Restate word for word the lines below that run from the one holding "กทม. 19 มิ.ย.-SET" through the one holding "Our Cote d'Ivorie", inclusive. Pictures don't belong in the copy.

§ **EXERCISE MATERIALS**:
━━━━

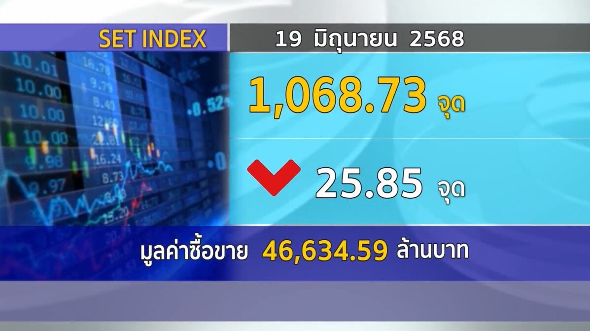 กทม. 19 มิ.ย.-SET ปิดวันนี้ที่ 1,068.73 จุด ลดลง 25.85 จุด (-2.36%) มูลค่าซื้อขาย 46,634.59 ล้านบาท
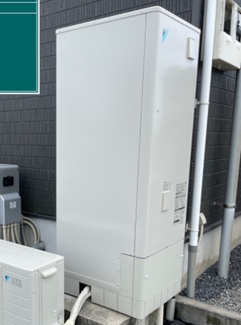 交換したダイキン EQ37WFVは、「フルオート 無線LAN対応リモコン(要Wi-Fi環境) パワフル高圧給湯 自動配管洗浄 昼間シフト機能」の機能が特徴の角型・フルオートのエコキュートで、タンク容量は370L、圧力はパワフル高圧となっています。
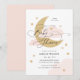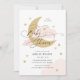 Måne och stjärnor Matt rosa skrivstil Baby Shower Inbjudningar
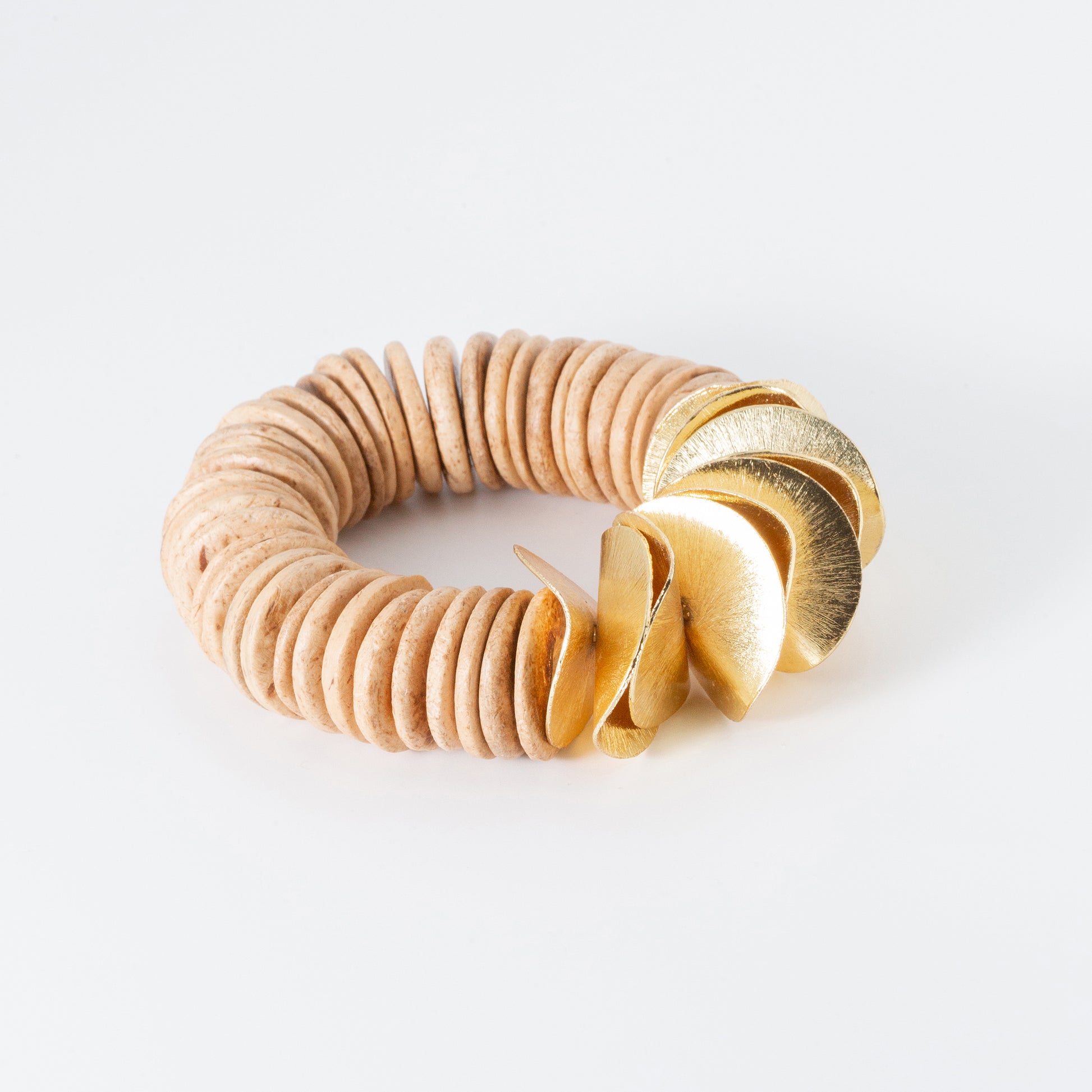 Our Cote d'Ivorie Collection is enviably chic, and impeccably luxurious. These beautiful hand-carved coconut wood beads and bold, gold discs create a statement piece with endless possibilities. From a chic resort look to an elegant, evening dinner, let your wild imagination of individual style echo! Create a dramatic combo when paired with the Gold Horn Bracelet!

━━━━

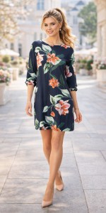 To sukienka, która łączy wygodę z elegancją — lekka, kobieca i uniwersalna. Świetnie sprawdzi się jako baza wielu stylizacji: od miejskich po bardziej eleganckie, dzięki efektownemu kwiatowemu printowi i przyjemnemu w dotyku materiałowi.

━━━━

§ **RESULT OF THE EXERCISE**:
 กทม. 19 มิ.ย.-SET ปิดวันนี้ที่ 1,068.73 จุด ลดลง 25.85 จุด (-2.36%) มูลค่าซื้อขาย 46,634.59 ล้านบาท
 交換したダイキン EQ37WFVは、「フルオート 無線LAN対応リモコン(要Wi-Fi環境) パワフル高圧給湯 自動配管洗浄 昼間シフト機能」の機能が特徴の角型・フルオートのエコキュートで、タンク容量は370L、圧力はパワフル高圧となっています。
 Måne och stjärnor Matt rosa skrivstil Baby Shower Inbjudningar
 Our Cote d'Ivorie Collection is enviably chic, and impeccably luxurious. These beautiful hand-carved coconut wood beads and bold, gold discs create a statement piece with endless possibilities. From a chic resort look to an elegant, evening dinner, let your wild imagination of individual style echo! Create a dramatic combo when paired with the Gold Horn Bracelet!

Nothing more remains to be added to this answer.